In their seminal paper on credit rationing, Stiglitz and Weiss (1981) posed the question: “Why is credit rationed?”. In a perfect capital market with all information available to everyone banks give risk adjusted credits to borrowers of different types. Banks choose in a perfect competition the interest rate such that they achieve zero profits in equilibrium. Stiglitz and Weiss by contrast consider an imperfect credit market in which banks cannot observe the types of the borrowers. With two borrower types, that means that a bank does not know whether a safe or a risky borrower is applying for credit. They assume that all borrower types have the same expected return, but riskier projects offer a higher return in case of success (because of the standard debt contract that has limited upside and 100% loss downside), at the cost of a lower probability of success compared to safe projects.

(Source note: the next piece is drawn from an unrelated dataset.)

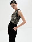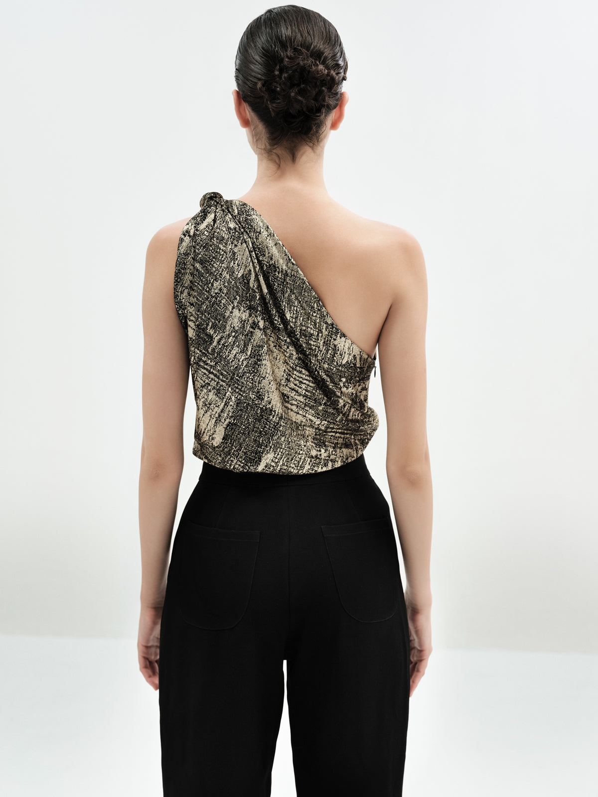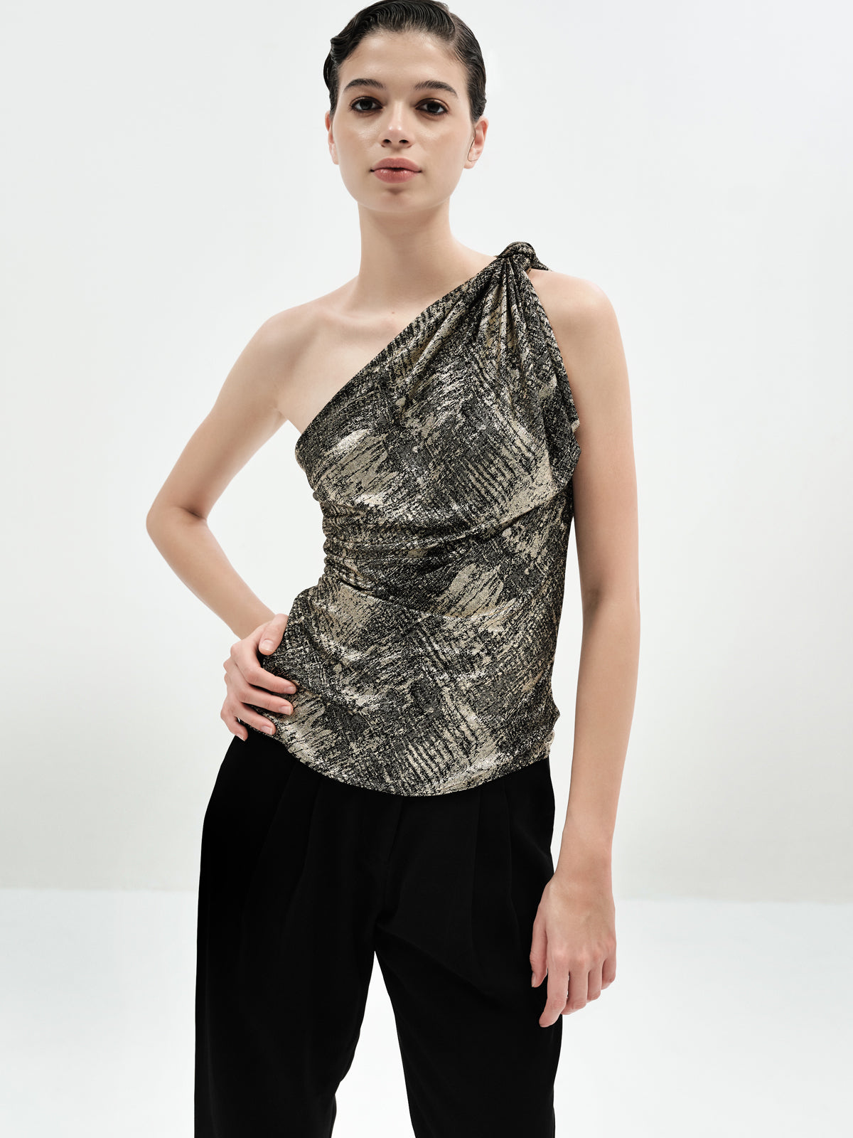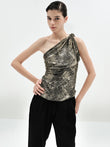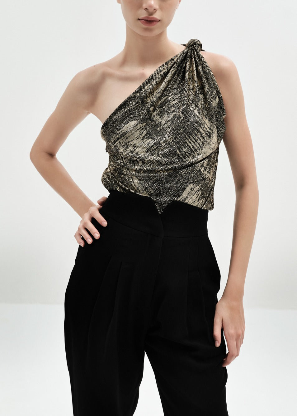 Refined and effortlessly stylish, this fluid top features a one-sided knot that adds a touch of sculpted elegance. Pair it with any of our pants, skirts, or shorts for an understated yet elevated look.

At any interest rate, the expected profit is thus higher for the risky borrowers than for the safe borrowers. Therefore, the risky borrowers are willing to pay a higher interest rate and still make non-negative profit. So it would be effective for a bank to charge lower interest rates from the safe borrowers and higher interest rates from the riskier investors, but because banks lack the knowledge of the risk types, they set a common interest rate for both borrower classes, which yields zero profit. An equilibrium with credit rationing is necessary for banks give credit to both risk types at a common interest rate. Safe borrowers effectively cross subsidize risky borrowers. This is an inefficient outcome because it rations safe borrowers.
Notice this is inefficient because lenders make safe borrowers subsidize risky borrowers, because of ‘imperfect information’. Yet, banks usually do not have zero information on borrowers as Stiglitz and Weiss assume, but rather, imperfect information. Risky borrowers, via FICO scores and down payment (ie, equity investment in the collateral), pay more on average. In contrast, the major government initiatives, such as Health Care programs, charge everyone the same, which is why people don't like these programs when they aren't cross-subsidized by the non-participants (eg, Medicaid). Thus, to the extent charging everyone the same is inefficient, it is much more prevalent in government initiatives than private ones. Yet, because he proved the market is imperfect relative to perfect information, Stiglitz then merely notes this proves markets are inefficient, and thus government is better, a highly dubious inference given the way government works even when lots of information is available (ie, without a pnl objective, or better information, or less irrationality or selfishness by individuals working for the government).
In sum, Stiglitz generates the same platitudes you hear from typical far left-wing types (eg, the market is inefficient therefore dominated by government, the market leads to a race to the bottom). His arguments supporting his policy preferences are inconsistent. His Nobel prize winnung research did not, does not, forcefully prove we should always be increasing government as he assumes (he notes government gave us the internet, biotech, and ‘research and developement’ --i.e., Tang).